Inmiddels is de concurrentie op de markt van ideeën over hetgeen men zou moeten nastreven in het leven flink toegenomen. De opvattingen over welk gewicht aan welke waarden moet worden toegekend verschillen. Dit wisselende krachtenveld is ook goed zichtbaar in discussies over grondrechten. De vraag wanneer een inbreuk op een grondrecht is geoorloofd of welk grondrecht voorrang behoort te krijgen wanneer twee grondrechten conflicteren wordt onder meer beïnvloed door de waarde die verschillende personen toekennen aan het belang dat met een bepaald grondrecht wordt beschermd in de concrete situatie.
Zijn deze conflicten oplosbaar? Kunnen onze verschillende waarden uiteindelijk worden herleid tot eenduidig systeem dat conflicten kan oplossen? Isaiah Berlin heeft deze vraag in zijn boek Four Essays on Liberty ontkennend beantwoord.4 Volgens Berlin kunnen – wanneer in een bepaald geval twee waarden botsen – verschillende antwoorden verdedigd worden op de vraag welke waarde prioriteit dient te krijgen, terwijl deze antwoorden – hoewel tegenstrijdig – beide redelijk en rationeel zijn. De persoon die de keuze dient te maken zal dan zelf moeten oordelen wat hij het meest nastrevenswaardig acht. Een noodzakelijk onderdeel van het leven is dat men keuzes maakt over hetgeen men nastrevenswaardig vindt.5 Het is aan de staat te verzekeren dat een ieder in vrijheid dit soort keuzes kan maken.6
Het ethisch pluralisme – de stroming die leven werd ingeblazen door Berlin – gaat ervan uit dat juist omdat waarden zullen conflicteren – en soms meer keuzen redelijkerwijze verdedigbaar zijn – het niet mogelijk is om ‘objectieve’ formules te bedenken die waarden kunnen wegen.7 Hoe een keuze uitvalt, hangt soms af van wat men in het leven het meest nastrevenswaardig acht. De één wil graag een groot kunstenaar worden, de ander streeft naar innerlijke rust en wordt monnik. Afhankelijk van het gekozen leven, zal men de op het spel staande belangen soms verschillend wegen.

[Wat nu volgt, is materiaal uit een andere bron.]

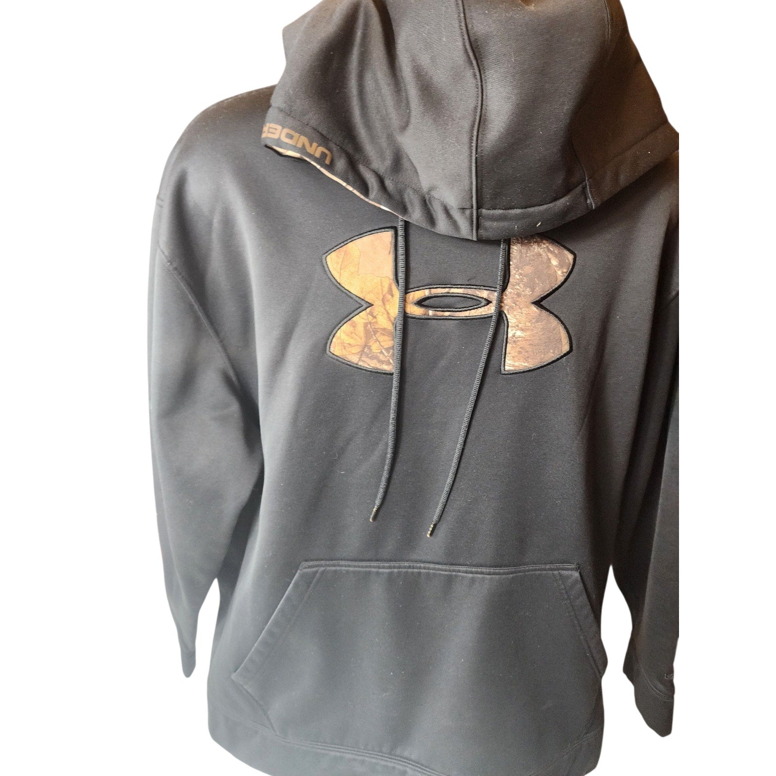 Under Armour Hoodie Mens XL Black Camo Logo Loose Fit Storm Pullover Sweatshirt Hunting Outdoor Activewear Kangaroo Pocket Gorpcore
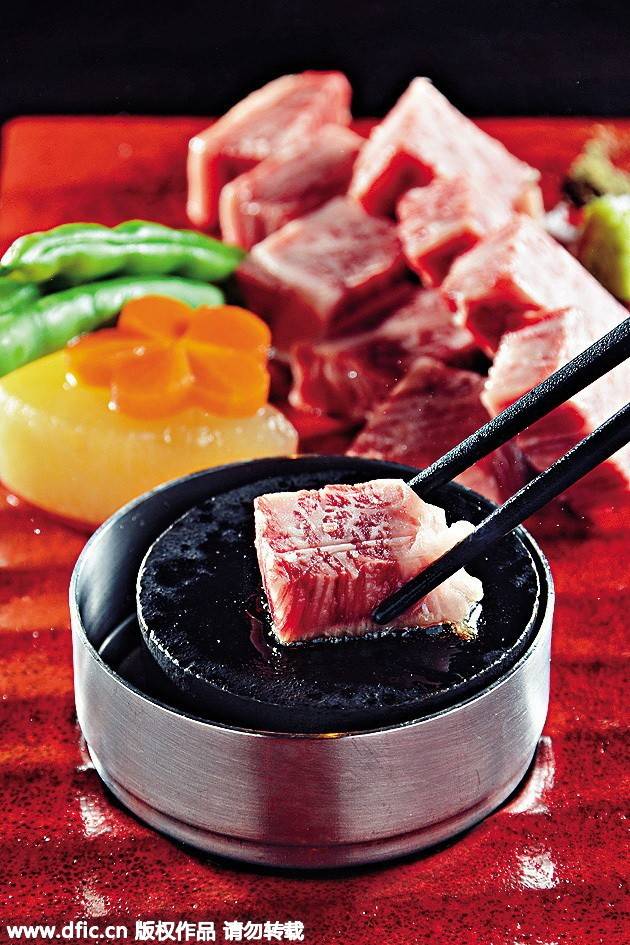 石燒A5黑毛和牛肋眼肉HK$368/100克,客人自行控制和牛生熟度

Waardenpluralisme is daardoor alleen te bestrijden indien men ook voor het leven zelf uitgaat van de gedachte dat er maar één juiste wijze van leven is. Die gedachte laat weinig ruimte voor de individuele mens zelf voor een bepaald leven te kiezen. Wil men een ‘goed mens’ zijn, dan is er maar één juiste weg. Al naar gelang de omstandigheden dient men te handelen conform het ideaal van dat juiste leven.
Volgens Berlin is het een utopie om te denken dat men een systeem zou kunnen bedenken waarin alle waarden kunnen worden gerangschikt naar belang en waarmee conflicten tussen waarden kunnen worden opgelost. Pogingen daartoe hebben geleid tot “absurdities in theory and barbarous consequences in practice”, aldus Berlin.8 Het ethisch pluralisme betreft een meta-ethische theorie die de aanspraak op universele waarheid van de andere hiervoor aangehaalde meta-ethische theorieën relativeert. Is dan uiteindelijk alles toch relatief?